-- DATA SHOWN follows --
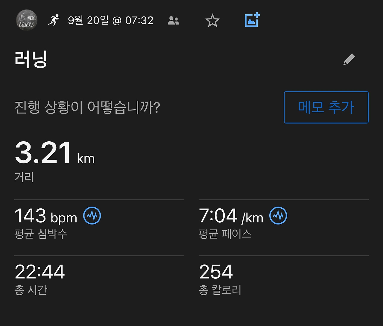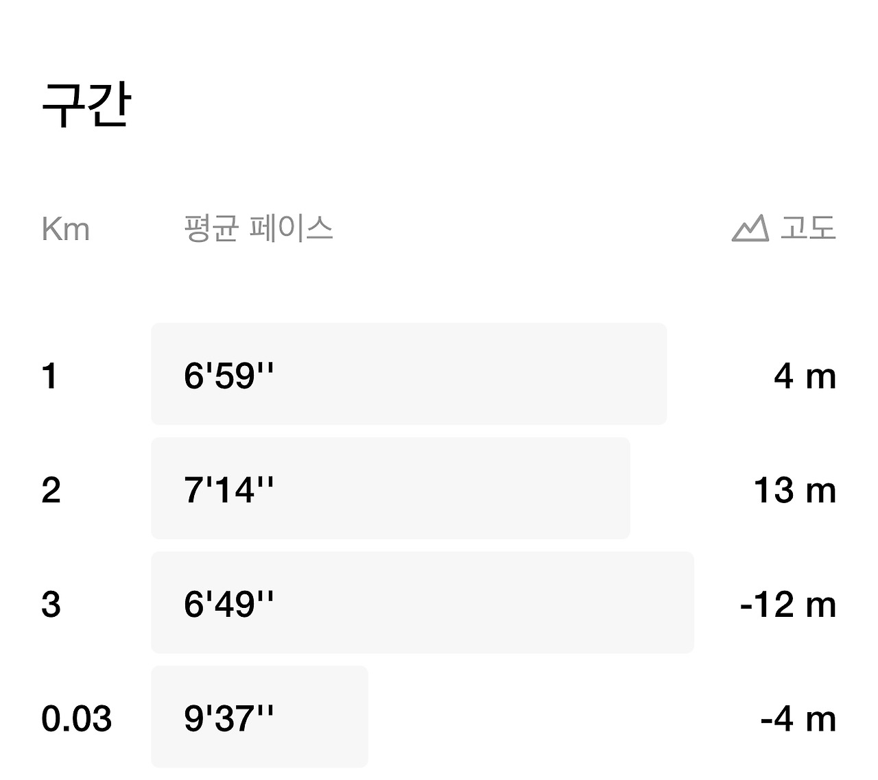 속도에 전혀 신경 쓰지 않았지만 평소 달리기를 할 때마다 초반 페이스가 좋았기에 자연스럽게 내가 생각했던 페이스보다 빠르게 달릴 수 있었다. 속도보다는 회복에 집중하기 위해서 천천히 달리려고 애썼지만, 내 몸은 어제의 달리기를 기억하고 있어서 자연스럽게 어제의 속도와 동일하게 달렸다.
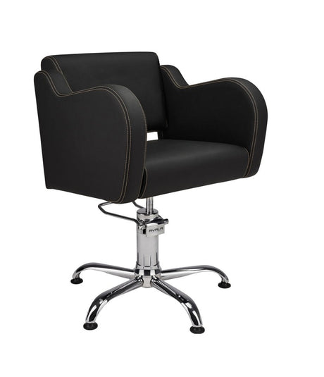 Ayala Holly 01 P-7 Scaun de Coafor Negru cu Cusături Aurii și Bază Rotundă Cromată Argintie
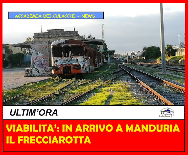 Dalla premiata Accademia dei Culacchi una novità per il mondo dei trasporti, in particolare quello che riguarda Manduria: assegnato alla nostra stazione ferroviaria il “Frecciarotta”. Un beneficio, chiaramente, solo ed esclusivo per la stazione di Manduria, come si può vedere dalla foto della vignetta.
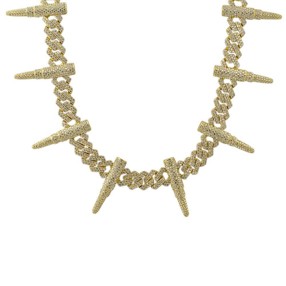 Bullet Cuban Link CZ Hip Hop Iced Out Chain. Unique sharp cuban links with 7.62 style bullet casings (not real bullets) fully iced out prong setting. Domed micro pave stone setting keeps you icey from all angles. Popular Style with shiny Simulated Diamonds prong set on every link. Top quality Simulated Diamonds and bold style that will keep you shining in the club and other exclusive events. Highly detailed with intricate details and stone setting. All stones are VVS Simulated Diamonds that are prong set.
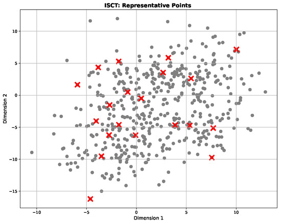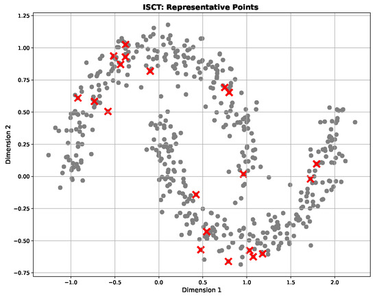 - Data Reduction via Cover tree-Based Summarization: We exploit the hierarchical structure of the Cover tree to select a small set of m representative points (where ) that preserve the essential geometric and density structure of the original dataset. This step drastically reduces the size of the problem.
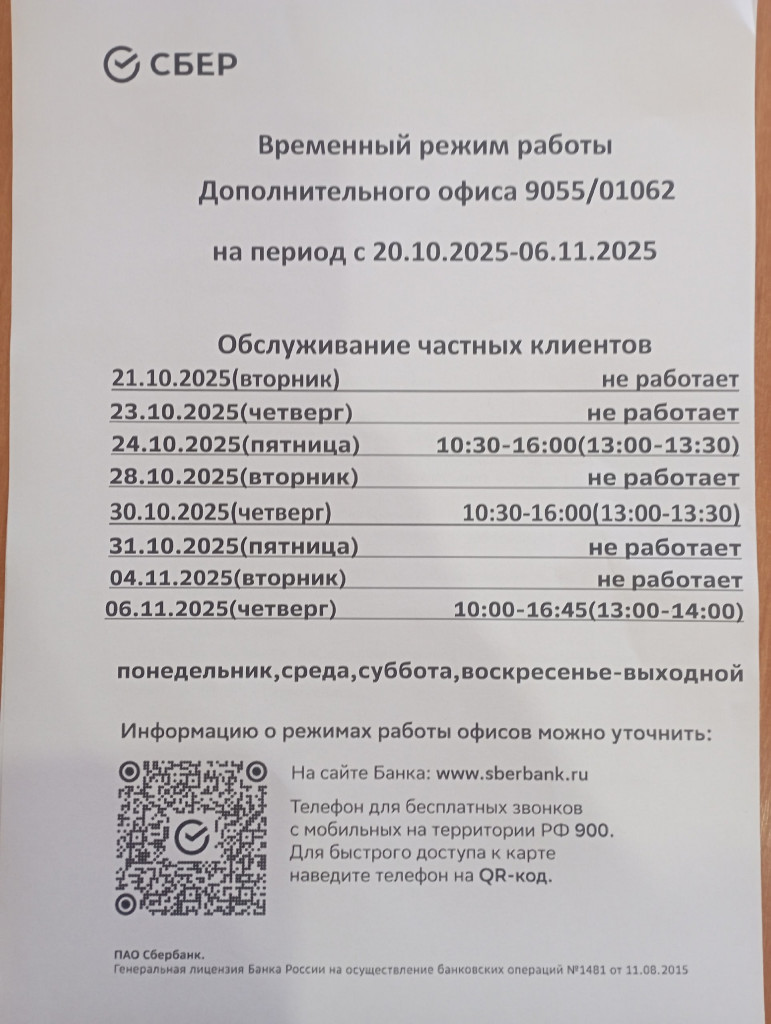 В пресс-службе Северо-Западного отделения Сбербанка 47news сообщили, что сокращенный режим работы офиса в Плодовом установлен временно: до 6 ноября, затем он вернется к своему обычному графику (ранее это было 3 дня в неделю, – прим. ред.).
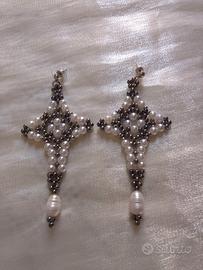 Orecchini Di Perle Croce Gotica Con Perle Di fiume Pendenti.
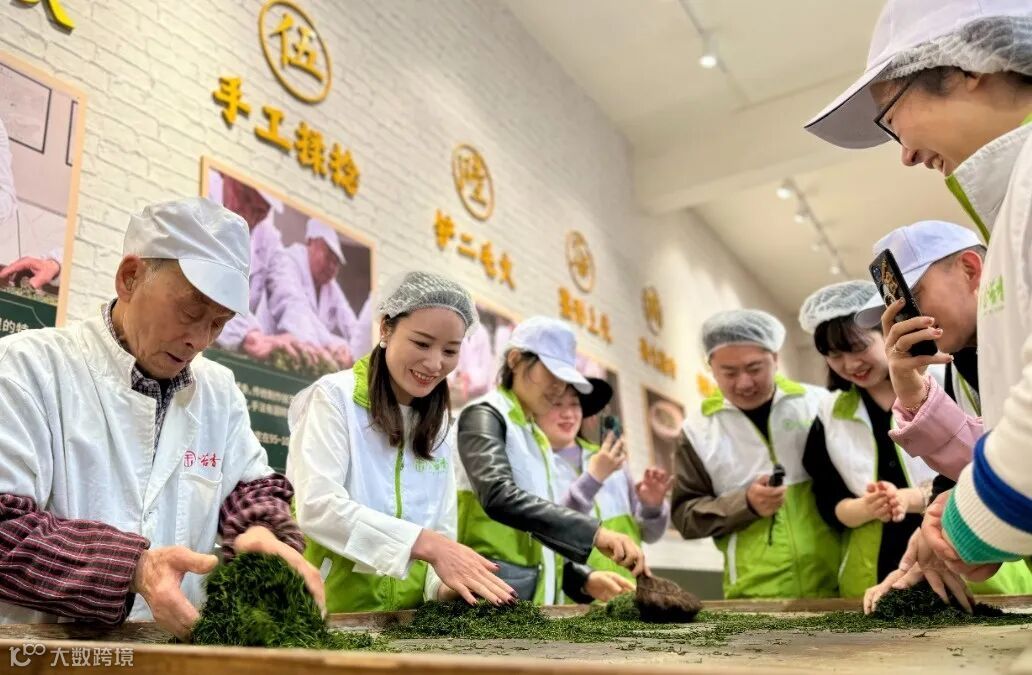 金苔香制茶车间,王忠德现场教学制作恩施玉露。王师傅的关门弟子,同时也是金苔香联合创始人之一金岁宏,现场为大家讲解整个茶叶无落地生产。
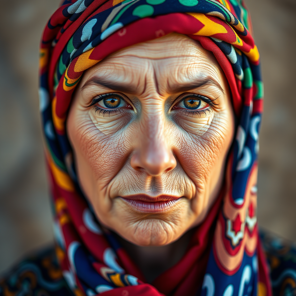 A vibrant portrait of a Bosnian woman wearing a colorful keffiyeh, captured with an epic character composition that blends the styles of Ilya Kuvshinov, Terry Richardson, and Annie Leibovitz. The image is in sharp focus with natural lighting that highlights subtle subsurface scattering. Shot with an f2 aperture and 35mm lens, it features a cinematic film grain effect, creating an award-winning, high-resolution photograph. Despite its stunning quality, the image playfully incorporates elements of imperfection and attitude, exuding a sense of rebellious charm.
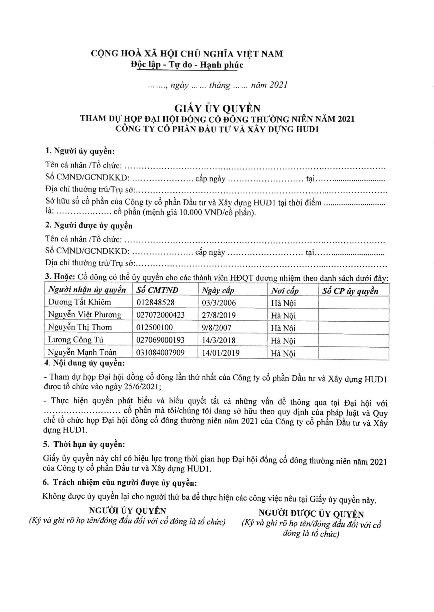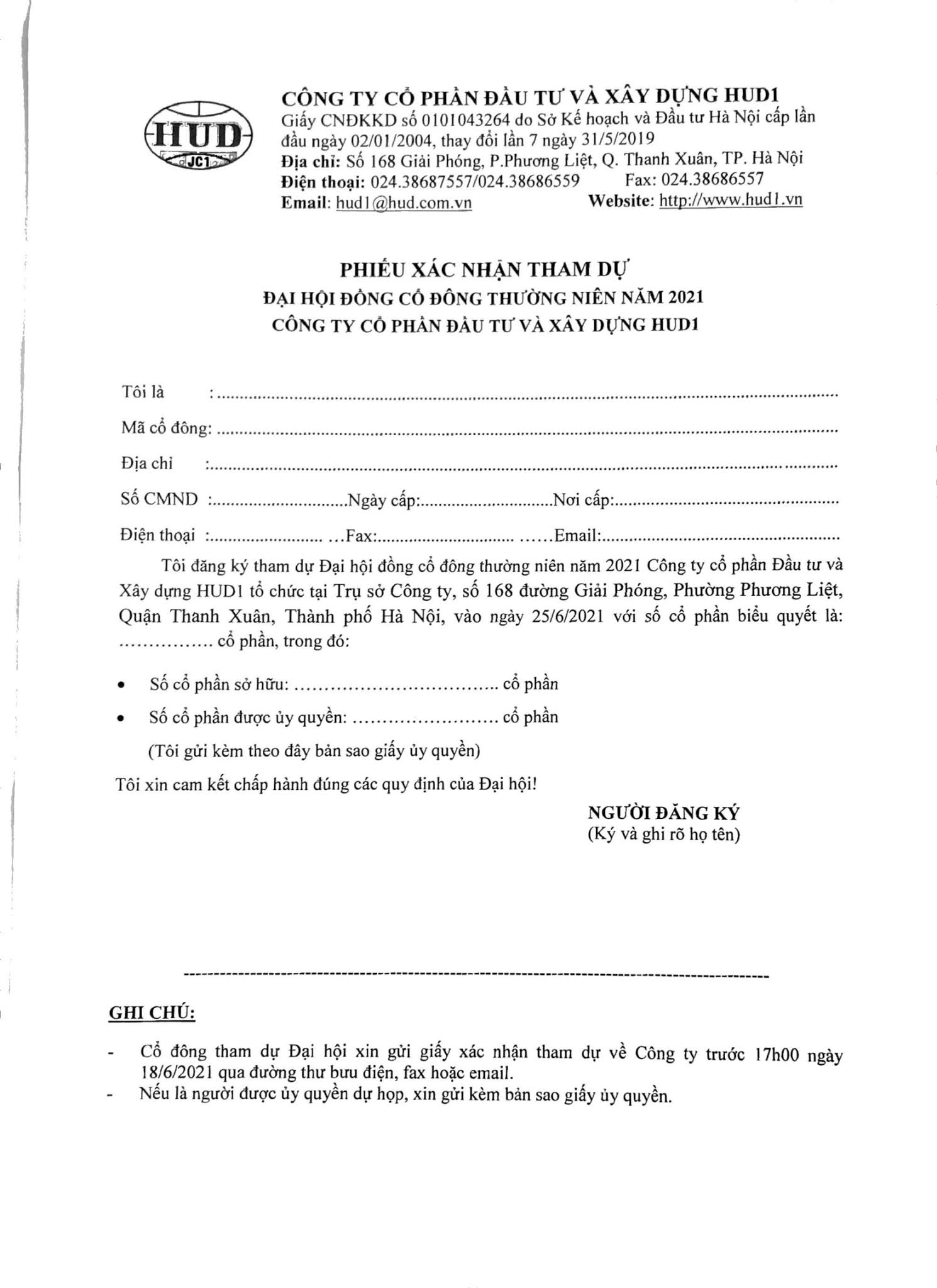 Thư mời họp ĐHĐCĐ thường niên năm 2021
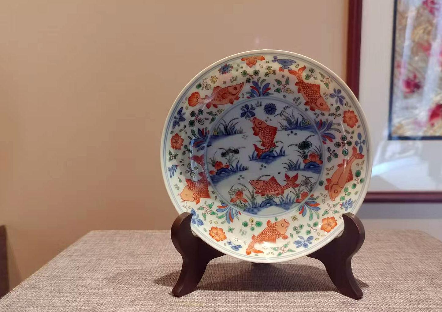 “在川知乐”款青花五彩鱼藻纹瓷碟
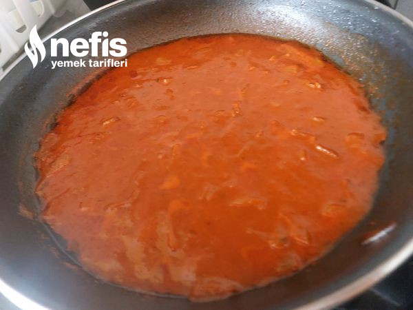 13. Üzerine 1,5 su bardağı kaynamış su ek edelim. 10 dakika kadar sosu pişmeye bırakalım.
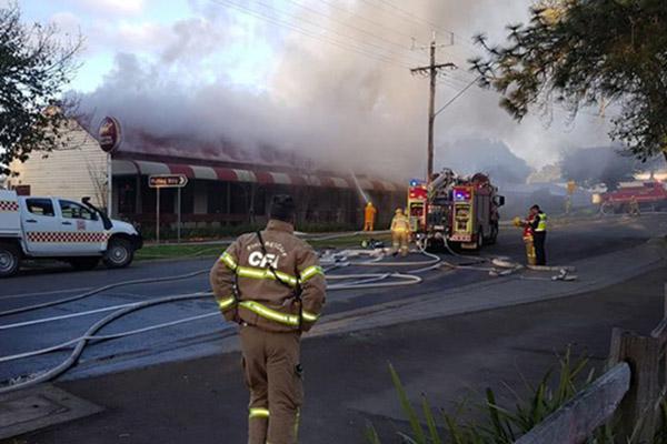 Sixteen CFA trucks, including a aerial appliance, attended the scene. Firefighters notified and evacuated people from neighbouring properties, and were able to contain the fire to the hotel building.
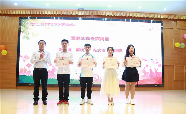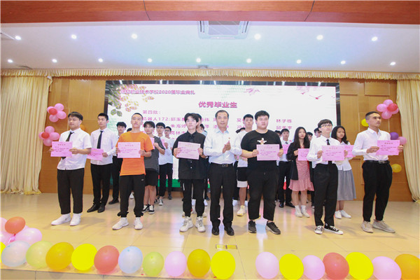 第三篇章:表彰篇。經(jīng)過(guò)學(xué)校三年的培養(yǎng),涌現(xiàn)出一批品學(xué)兼優(yōu)、全面發(fā)展的優(yōu)秀學(xué)子,學(xué)校對(duì)獲得國(guó)家教學(xué)金的陳景詩(shī)、郭曉彤、 馮文彬、陳昭宏同學(xué)和黃文慧等94名優(yōu)秀畢業(yè)生進(jìn)行表彰,四位校領(lǐng)導(dǎo)為他們頒發(fā)榮譽(yù)證書,勉勵(lì)畢業(yè)生在日后的學(xué)習(xí)或工作崗位上不驕不躁,砥礪前行,創(chuàng)造更加優(yōu)異的成績(jī)。
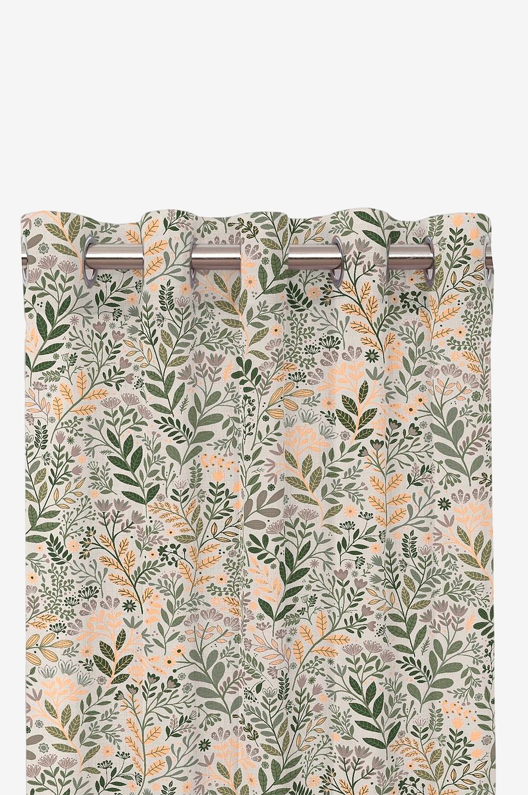 Öljettgardiner med ett småmönstrat design av en svensk designer, överlock i nederkanten.
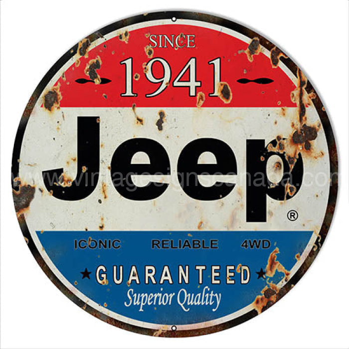 Aged Looking 1941 Jeep Reproduction Sign. 14x14 24g steel. This Sign Has Eyelets For Mounting. Made In The USA.
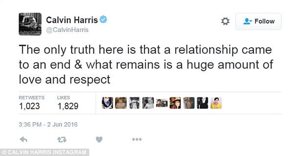 Tuy nhiên, ít lâu sau thì Calvin có vẻ như đã bình tĩnh lại. Anh nhấn "theo dõi" Taylor trở lại và không nhắc gì đến cô bạn gái cũ nữa.
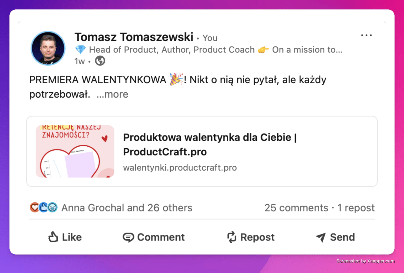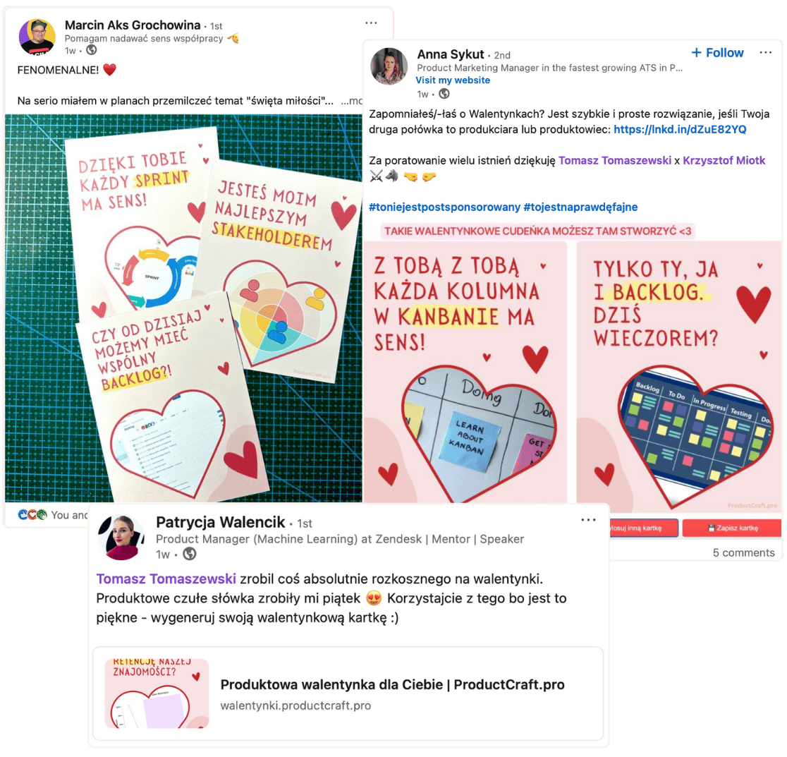 Wiele osób z polskiej społeczności produktowej udostępniło info o walentynkach. Także z poza mojej tradycyjnej bańki znajomych :). Oto kilka przykładów: Marcin Aks Grochowina, Anna Sykut, Marek Olczyk Brzeziński, Patrycja Walencik. Dzięki!
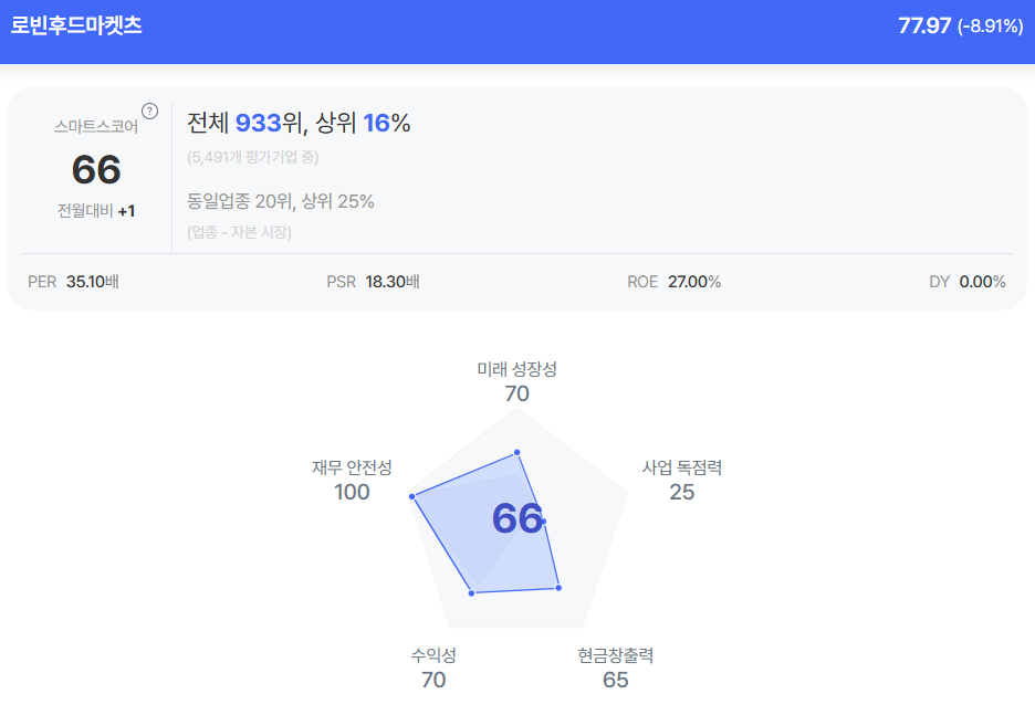 | 로빈후드마켓츠 종목진단 (출처=초이스스탁) |
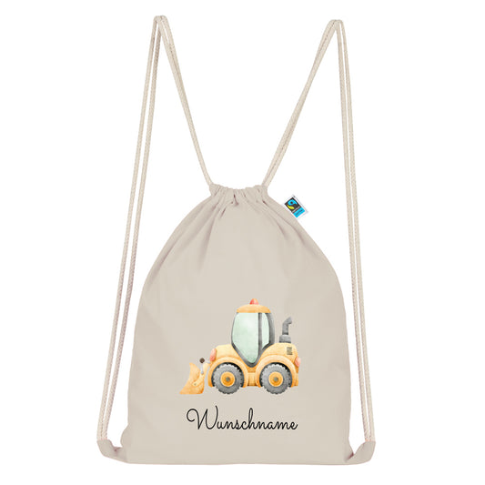 Personalisierter Turnbeutel aus Bio Baumwolle Wäschebeutel für Kinder Stoffbeutel mit Name und Motiv Bagger bedruckt
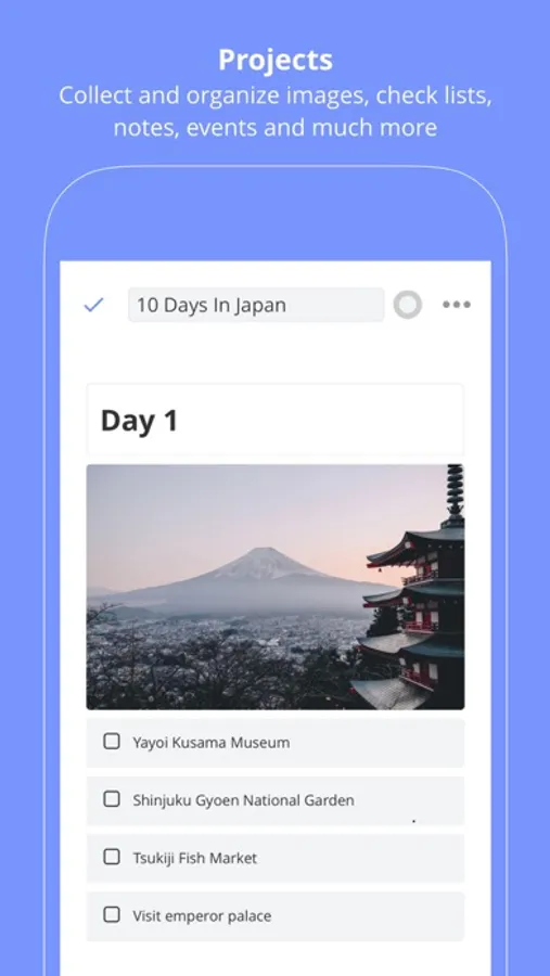 A project named "Trip to Japan" could collect things to do, places to visit, scheduled activities, tickets, reservations codes, directions, maps, thoughts and photos, links, all in one place.
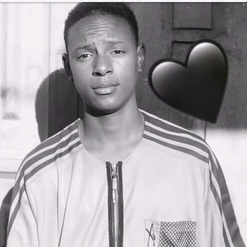 Paglalarawan ng Content: a black and white photo of a young man with a heart on the background
-- DATA SHOWN concluded --
• [TASK STATEMENT] Nothing but the lines from the first line of the data through the line with "金苔香制茶车间,王忠德现场教" belongs in the answer, copied exactly and without pictures.

• [RESULT]
 속도에 전혀 신경 쓰지 않았지만 평소 달리기를 할 때마다 초반 페이스가 좋았기에 자연스럽게 내가 생각했던 페이스보다 빠르게 달릴 수 있었다. 속도보다는 회복에 집중하기 위해서 천천히 달리려고 애썼지만, 내 몸은 어제의 달리기를 기억하고 있어서 자연스럽게 어제의 속도와 동일하게 달렸다.
 Ayala Holly 01 P-7 Scaun de Coafor Negru cu Cusături Aurii și Bază Rotundă Cromată Argintie
 Dalla premiata Accademia dei Culacchi una novità per il mondo dei trasporti, in particolare quello che riguarda Manduria: assegnato alla nostra stazione ferroviaria il “Frecciarotta”. Un beneficio, chiaramente, solo ed esclusivo per la stazione di Manduria, come si può vedere dalla foto della vignetta.
 Bullet Cuban Link CZ Hip Hop Iced Out Chain. Unique sharp cuban links with 7.62 style bullet casings (not real bullets) fully iced out prong setting. Domed micro pave stone setting keeps you icey from all angles. Popular Style with shiny Simulated Diamonds prong set on every link. Top quality Simulated Diamonds and bold style that will keep you shining in the club and other exclusive events. Highly detailed with intricate details and stone setting. All stones are VVS Simulated Diamonds that are prong set.
 - Data Reduction via Cover tree-Based Summarization: We exploit the hierarchical structure of the Cover tree to select a small set of m representative points (where ) that preserve the essential geometric and density structure of the original dataset. This step drastically reduces the size of the problem.
 В пресс-службе Северо-Западного отделения Сбербанка 47news сообщили, что сокращенный режим работы офиса в Плодовом установлен временно: до 6 ноября, затем он вернется к своему обычному графику (ранее это было 3 дня в неделю, – прим. ред.).
 Orecchini Di Perle Croce Gotica Con Perle Di fiume Pendenti.
 金苔香制茶车间,王忠德现场教学制作恩施玉露。王师傅的关门弟子,同时也是金苔香联合创始人之一金岁宏,现场为大家讲解整个茶叶无落地生产。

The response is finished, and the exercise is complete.